__Aim of the exercise__:
Each line of the data must reappear exactly in your answer, with no images included.
*** Recorded information ***
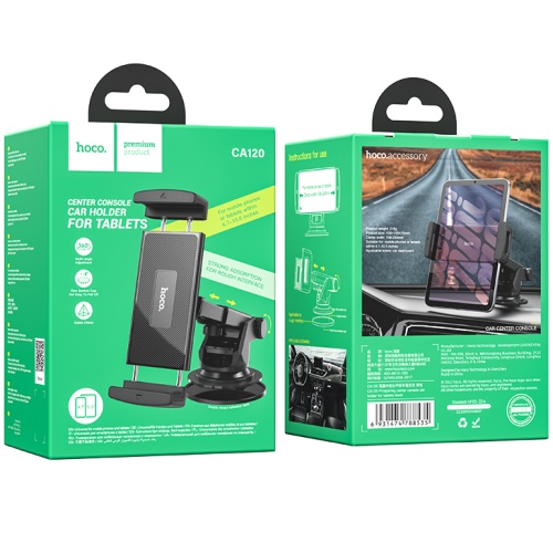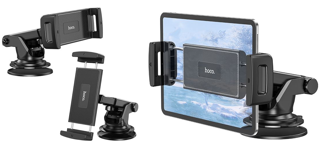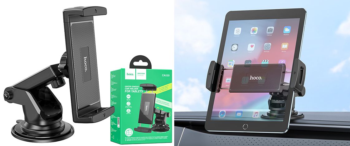 HOCO CA120 – чудовий приклад універсального автотримача, який зможе утримувати як ваші планшети, так і телефони середніх та великих розмірів. Тримач кріпиться на торпедо або лобове скло, і утримує аксесуари від 4.7 до 10.5 дюймів діагоналі. Шарнірний механізм дозволить вам повертати девайс як найбільш зручно.
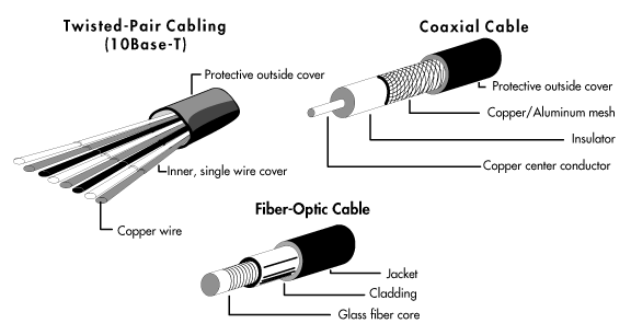 Guided or bounded media are manufactured so that signals will be confined to a narrow path and will behave predictably. Commonly used guided media include twisted-pair wiring, similar to common telephone wiring; coaxial cable, similar to that used for cable TV; and optical fiber cable.
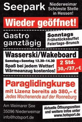 l Weiterbildung „Wildnispädagogik“. Start: 07.09.2023. Infos: www.natur-wildnisschule.de/ marburg. (gewerbl.)
*** End of Recorded information ***
__Exercise result__:
 HOCO CA120 – чудовий приклад універсального автотримача, який зможе утримувати як ваші планшети, так і телефони середніх та великих розмірів. Тримач кріпиться на торпедо або лобове скло, і утримує аксесуари від 4.7 до 10.5 дюймів діагоналі. Шарнірний механізм дозволить вам повертати девайс як найбільш зручно.
 Guided or bounded media are manufactured so that signals will be confined to a narrow path and will behave predictably. Commonly used guided media include twisted-pair wiring, similar to common telephone wiring; coaxial cable, similar to that used for cable TV; and optical fiber cable.
 l Weiterbildung „Wildnispädagogik“. Start: 07.09.2023. Infos: www.natur-wildnisschule.de/ marburg. (gewerbl.)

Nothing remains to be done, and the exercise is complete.